● What needs to be done
Nothing but the lines from the one with "Het perceel waarop" down to the one with "衣柜软镜子贴墙自粘穿衣镜内装隐形亚克力高清试衣镜子家用全身镜" should be returned, exactly and with both ends included, from the material below.

─── Material for this task ───

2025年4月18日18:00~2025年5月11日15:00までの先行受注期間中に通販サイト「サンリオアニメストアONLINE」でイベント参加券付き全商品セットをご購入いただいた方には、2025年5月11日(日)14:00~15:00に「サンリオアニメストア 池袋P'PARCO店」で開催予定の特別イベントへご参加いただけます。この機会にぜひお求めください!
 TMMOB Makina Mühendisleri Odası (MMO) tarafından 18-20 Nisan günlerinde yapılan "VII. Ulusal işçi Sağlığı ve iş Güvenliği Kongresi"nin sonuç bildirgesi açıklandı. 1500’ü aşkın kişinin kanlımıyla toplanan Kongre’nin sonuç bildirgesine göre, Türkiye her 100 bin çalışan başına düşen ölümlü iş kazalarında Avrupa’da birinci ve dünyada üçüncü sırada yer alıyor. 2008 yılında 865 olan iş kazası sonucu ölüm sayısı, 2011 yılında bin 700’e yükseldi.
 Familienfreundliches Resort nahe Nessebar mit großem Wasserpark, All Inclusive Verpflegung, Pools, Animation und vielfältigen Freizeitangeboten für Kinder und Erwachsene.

───
─── Material for this task ───

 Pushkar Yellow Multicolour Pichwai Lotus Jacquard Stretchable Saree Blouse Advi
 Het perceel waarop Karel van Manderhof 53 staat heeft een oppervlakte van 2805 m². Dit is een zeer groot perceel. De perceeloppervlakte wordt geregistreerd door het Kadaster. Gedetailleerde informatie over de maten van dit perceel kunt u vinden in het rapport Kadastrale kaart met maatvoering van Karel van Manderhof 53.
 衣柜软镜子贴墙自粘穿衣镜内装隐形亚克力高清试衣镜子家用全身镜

───
─── Material for this task ───

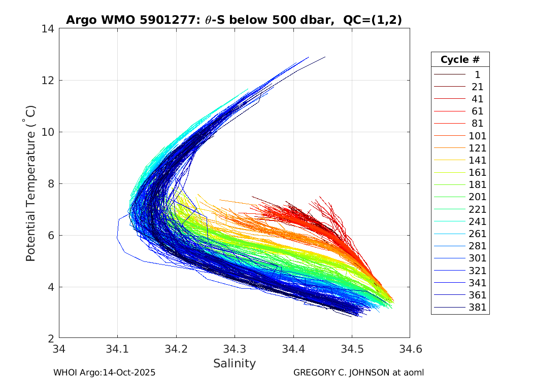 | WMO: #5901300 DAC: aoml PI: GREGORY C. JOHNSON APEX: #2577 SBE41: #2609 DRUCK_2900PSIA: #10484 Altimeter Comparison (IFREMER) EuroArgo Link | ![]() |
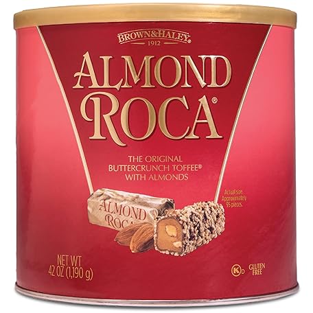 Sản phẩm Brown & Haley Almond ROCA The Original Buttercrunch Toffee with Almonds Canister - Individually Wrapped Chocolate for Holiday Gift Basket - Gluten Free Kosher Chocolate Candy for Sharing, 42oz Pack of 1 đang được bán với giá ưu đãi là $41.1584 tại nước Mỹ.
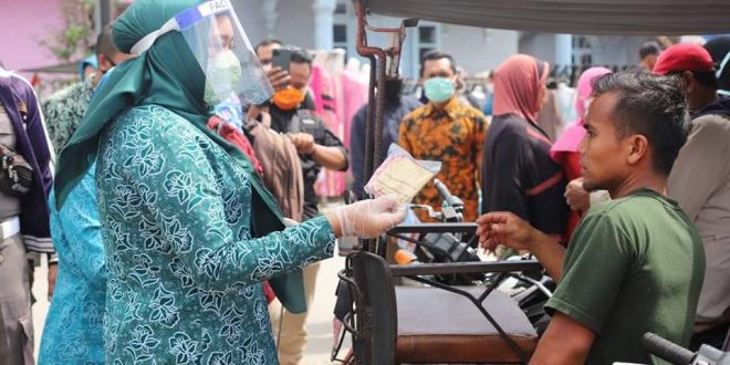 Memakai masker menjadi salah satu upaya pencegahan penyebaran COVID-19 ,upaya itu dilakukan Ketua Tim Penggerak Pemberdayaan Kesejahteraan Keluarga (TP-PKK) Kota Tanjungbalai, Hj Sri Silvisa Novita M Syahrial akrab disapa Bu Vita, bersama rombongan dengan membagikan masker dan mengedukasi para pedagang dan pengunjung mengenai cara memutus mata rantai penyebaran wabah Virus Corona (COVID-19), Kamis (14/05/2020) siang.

───

● Exercise solution
 Het perceel waarop Karel van Manderhof 53 staat heeft een oppervlakte van 2805 m². Dit is een zeer groot perceel. De perceeloppervlakte wordt geregistreerd door het Kadaster. Gedetailleerde informatie over de maten van dit perceel kunt u vinden in het rapport Kadastrale kaart met maatvoering van Karel van Manderhof 53.
 衣柜软镜子贴墙自粘穿衣镜内装隐形亚克力高清试衣镜子家用全身镜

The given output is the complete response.